Reference is hereby made to the further provisions of this Security set
forth on the reverse hereof, which further provisions shall for all purposes
have the same effect as if set forth at this place.
Unless the certificate of authentication hereon has been executed by the
Trustee referred to on the reverse hereof by manual signature, this Security
shall not be entitled to any benefit under the Indenture or be valid or
obligatory for any purpose.
IN WITNESS WHEREOF, Group has caused this instrument to be duly executed
under its corporate seal.
DELPHI FINANCIAL GROUP, INC.
By: ___________________________________
[President or Vice President]
Attest:
____________________________________________
[Secretary or Assistant Secretary]
SECTION 2.3. Form of Reverse of Security.

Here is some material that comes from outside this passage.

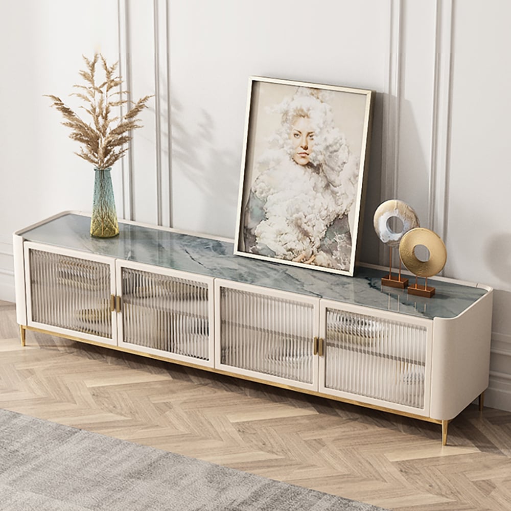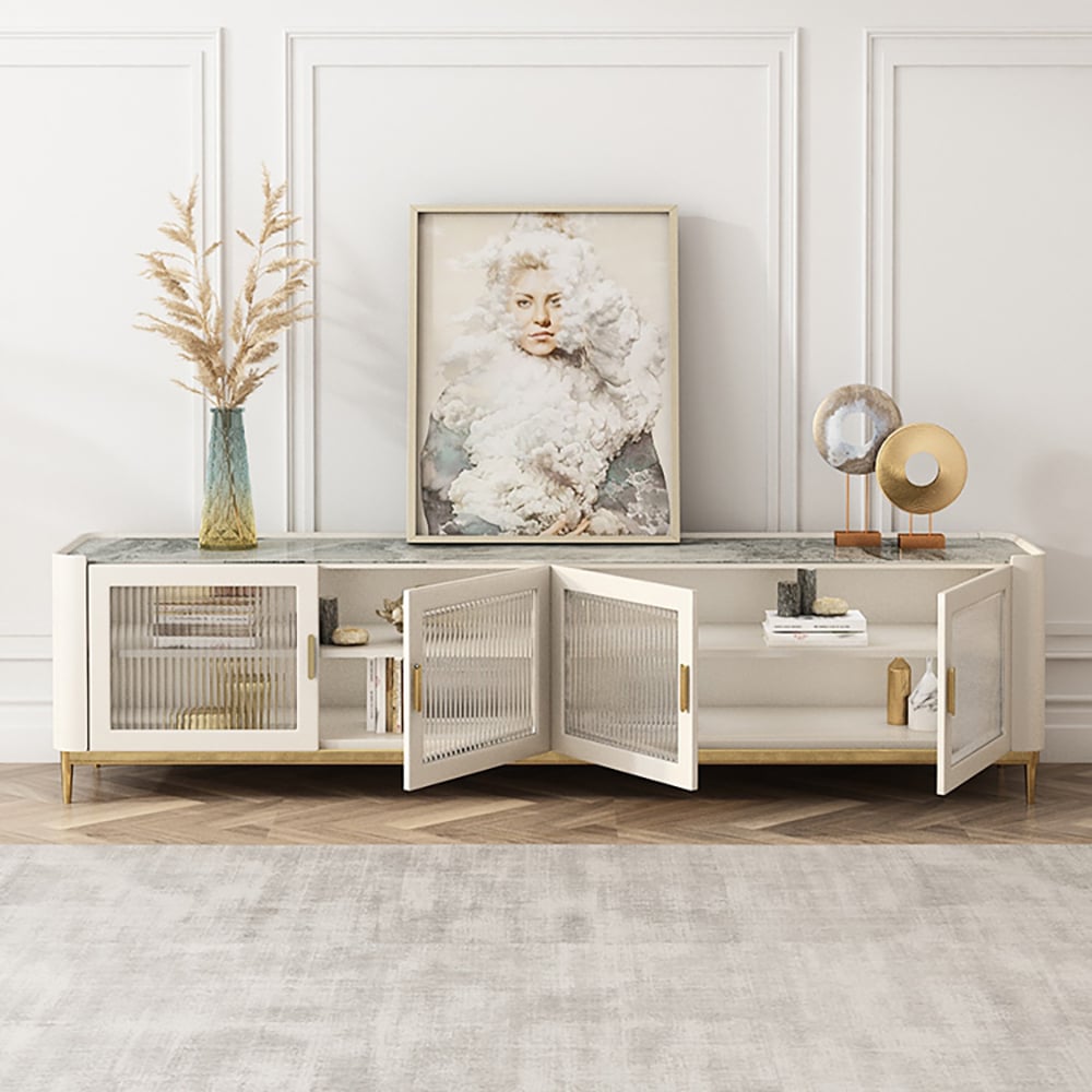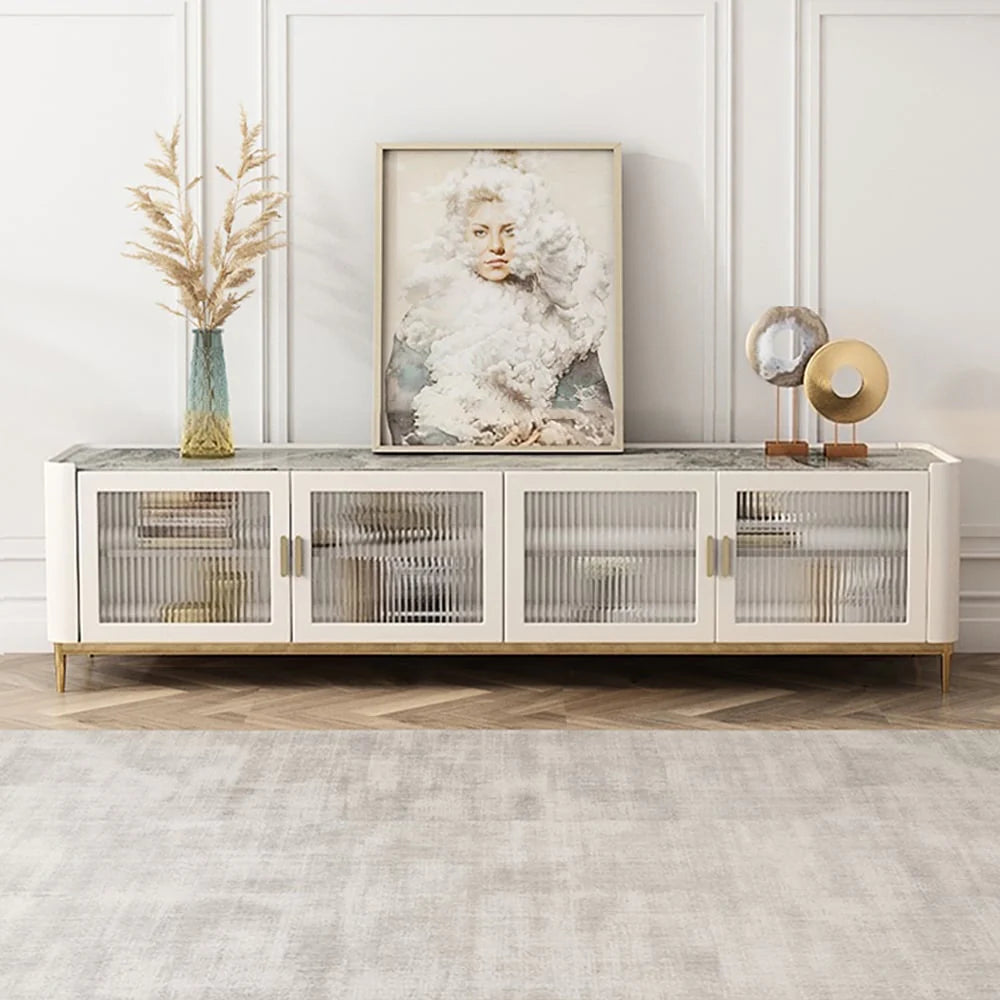 "ارفع مستوى فخامة صالتك مع طاولة التلفاز هذه التي تعد تحفة فنية بحد ذاتها. تصميمها الراقي يمزج بين الأسلوب العصري الفاخر واللمسات الكلاسيكية السطح العلوي يتميز بطبقة من بديل الرخام لإضافة لمسة متميزة . التخزين اربعة أبواب زجاجية مضلعة تُخفي الأجهزة وتسمح بعرضها بأناقة. التفاصيل أرجل نحيفة باللون الذهبي تزيد من أناقة القطعة ورقيها. إنها الخيار المثالي لمنزل يبحث عن التنظيم الفاخر والجمال المذهل في قطعة أثاث واحدة."

This Security is one of a duly authorized issue of securities of Group
(herein called the "Securities"), issued and to be issued in one or more series
under a Subordinated Indenture, dated as of __________ __, 1997 (herein called
the "Indenture"), between Group and Wilmington Trust Company, as Trustee (herein
called the "Trustee", which term includes any successor trustee under the
Indenture), to which Indenture and all indentures supplemental thereto reference
is hereby made for a statement of the respective rights, limitations of rights,
duties and immunities thereunder of the Trustee, Group and the Holders of the
Securities, and of the terms upon which the Securities are, and are to be,
authenticated and delivered. This Security is one of the series designated on
the face hereof [, limited in aggregate principal amount to $___________].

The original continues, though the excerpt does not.